Advanced Monitoring of Pulsar Clusters with Prometheus and Grafana

Monitoring is essential for managing the health, performance, and scalability of production-grade Apache Pulsar clusters. As workloads grow and systems become more distributed, the need for real-time observability becomes paramount.

In this post, we’ll explore how to set up advanced monitoring of Apache Pulsar using Prometheus and Grafana, providing insights into broker health, topic throughput, latency, consumer lag, and more.

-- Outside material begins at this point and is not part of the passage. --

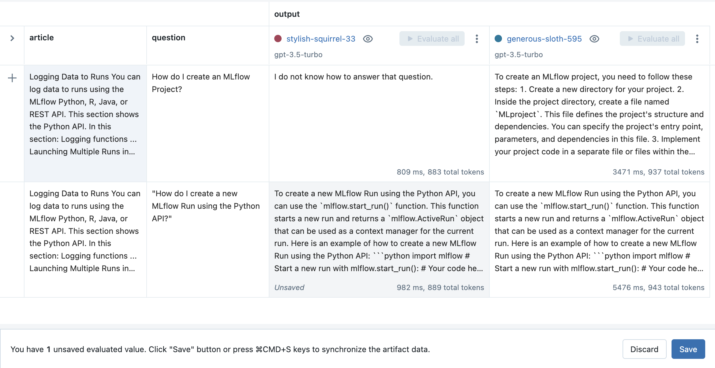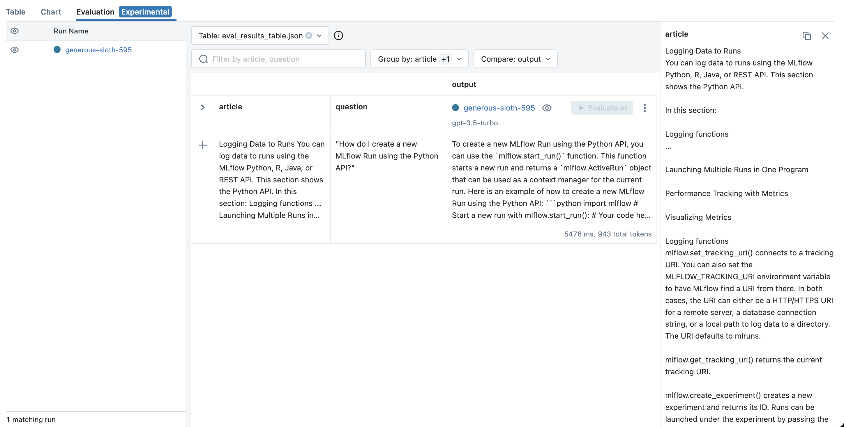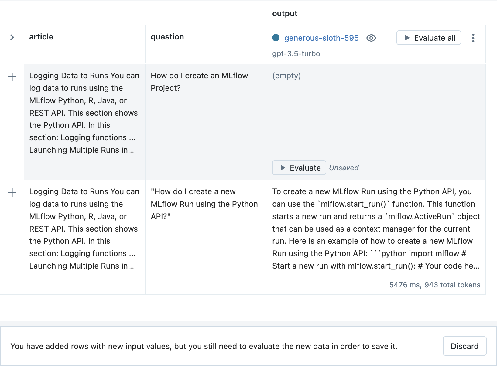 From the Evaluation tab, click the Evaluate all button next to the new Run to evaluate all of the previous inputs.

Why Use Prometheus and Grafana?

Prometheus is an open-source systems monitoring and alerting toolkit that excels at scraping metrics exposed via HTTP.

Grafana is a powerful visualization platform that integrates with Prometheus to create dashboards, alerts, and reports.

Together, they offer:

Real-time metrics collection
Customizable visual dashboards
Alerting on threshold breaches
Historical trend analysis

Exposing Pulsar Metrics to Prometheus

Pulsar exposes JMX metrics and optionally Prometheus-format metrics via HTTP.

To enable Prometheus exporter:

1. Start Pulsar with Prometheus enabled

Edit broker.conf and bookkeeper.conf:

metricsProviderClassName=org.apache.pulsar.broker.stats.prometheus.PrometheusMetricsServlet

Pulsar brokers expose metrics at:

http://<broker-host>:8080/metrics

Bookies expose metrics at:

http://<bookie-host>:8000/metrics

Setting Up Prometheus

1. Install Prometheus (via binary or Docker)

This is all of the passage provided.